I’ve just had a week-long visit from Tom Barber, one of my best and oldest friends. He was eager to give detecting a try, so on Sunday (May 26th), we went out with the Oxford Blues to a farm near Brize Norton. Some good Georgian coins came off the pasture, but we didn’t have much success. Tom found a coin depicting an early automobile. It turned out to be a De Dion-Bouton 6 H.P. (1903) coin from the Shell Historic Cars Collection, issued by Shell Garages circa 1970. He also found a 1970 10p coin, before the size change (which happened in 1992, I think).
(total time: 3.5 hours, though we split detector time for the most part).

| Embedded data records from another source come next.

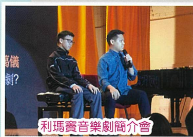
利瑪竇音樂劇簡介會
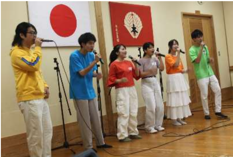
音（アカペラ演奏）に合わせて運動会

ブース出展 : 佐賀大学 FT 団体 Sharearth:コーヒー、フェアトレード商品 サヴァキッチンカーcafe:スカッシュ、サイダー、冷製焼き芋 ジンのキッチンカー:カレー、から揚げ、フライドポテト、アメリカンドック (NPO)居場所そら:缶バッジづくり、ドリンク (福)スプリングフィールド:缶バッジ・キーホルダーづくり、雑貨 (福)はびねす:木工品、いちごさんサイダーゼリー等 (福)ワークスペースかん:たこ焼き、お菓子
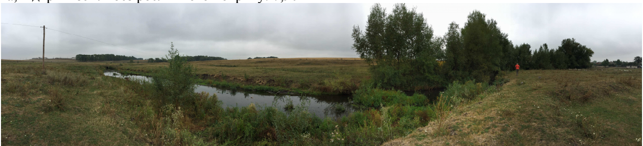
Рис.5. Заплавні луки в межах річкової долини Джурин.

Отже, в басейні річки Джурин, в районі сільських рад Чортківського району Тернопільської області ми спостерігаємо, що під земельними ділянками, які систематично обробляються і використовуються під посіви сільськогосподарських культур, тобто ріллею залучено від 78% до 87%; під луками знаходиться 8% - 12% земель, ліси займають в межах одного відсотка території, що свідчить про вкрай розбалансовану структуру землекористування ( частка земельних угідь під природною рослинністю складає всього 10-15%) (рис.5.)[3].
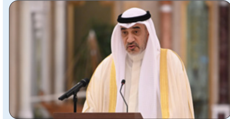
الشيخ فهد اليوسف

بحضور ممثلي الجهات الحكومية لتحسين سمعة البلاد رئيس الوزراء بالإنابة ترأس اجتماعا للجنة تنظيم العمل الخيري
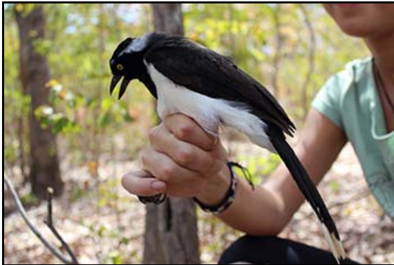
Foto 25- Cyanocorax cyanopogon

The following Wednesday we tried a bit of Thames mudlarking. It was an overcast day, and we didn’t have much time on the river. We concentrated our efforts on the north side of the river near the Millenium Bridge. The site was rumoured to have numerous pipe stems and bowls, and we did find many of these. Tom also found a human bicuspid and animal teeth of various sizes. Another searcher told us that there had been slaughterhouses and chandlers congregated near the spot where the Walbrook entered the Thames (not far from where we were), which may account for the numerous teeth we discovered. We also met one of the real mudlarks, a member of the Society of Thames Mudlarks, who told me (politely) that I’d be ‘pulled by old Bill’ if I scraped on the north shore, which was eyes-only to all but the society.
After larking, eyes-only, for an hour and a half, we climbed off of the foreshore and attended A Midsummer Night’s Dream at the new Globe.